Yes, based on Edward R. Burroughs beloved sci-fi novels, John Carter is the epic that I don't think anyone was really waiting for. Mostly because my generation had never even heard of it. And I'm sure Burroughs appreciated being in the film and the suggestion that the story actually happened to a relative of his (not).
Anyways, John Carter is an old Confederate soldier looking for gold. His wife and daughter died in a fire, they never show who killed them and now John is avenging them by finding gold? I guess?
Well, the gold is located in a room that magic priests from mars (sorry, Barsoom) use to travel between planets. John Carter (Taylor Kitsch, in another humongous flop of a movie) gives the priest a taste of good old American bullets in his stomach before accidentally transporting himself to Mars. (Again, they call it Barsoom if you didn't get that).
Once on Mars, John discovers that he has the superpower of jumping really high because gravity isn't that strong compared to Earth (Jasoom). Normally, that means he'd walk around like he was constantly on a trampoline but it only applies to jumping, and punching. And only sometimes when punching. Some people go flying, others just get punched. And when he uses a sword all of a sudden his power goes away. You'd think the instant he picked up a sword he could slice through anything like butter. NOPE. Anyone that's normal can block his sword attacks. Until he punches them.

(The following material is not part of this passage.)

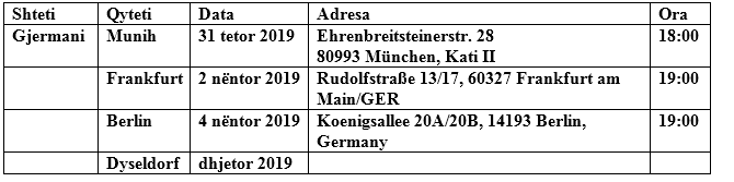 Aktiviteti, përkatësisht takimi, për fuqizimin e rrjeteve të juristëve, dhe nxitjen e themelimit të Shoqatës së Juristëve/Avokatëve “Shqiptaro-Gjermane” në Gjermani do të realizohen në këto qytete me itinerarin si vijojnë:

There is a lot of nitpicky stuff, like the bad guy has an all powerful superlaser that he conveniently forgets to use in the end. The native america metaphor species the thrak are the stupidest, most easily influenced aliens I've ever seen. And the love interest likes to say "John Cahtah, of urth" as often as stupidly possible.
On the other hand, the graphics are decent, Taylor Kitsch is amusing and it's your basic run of the mill marraige/war plot with magical undertones. They just didn't execute it very well. Oh and Bryan Cranston has a 4 minute part. That was sweet.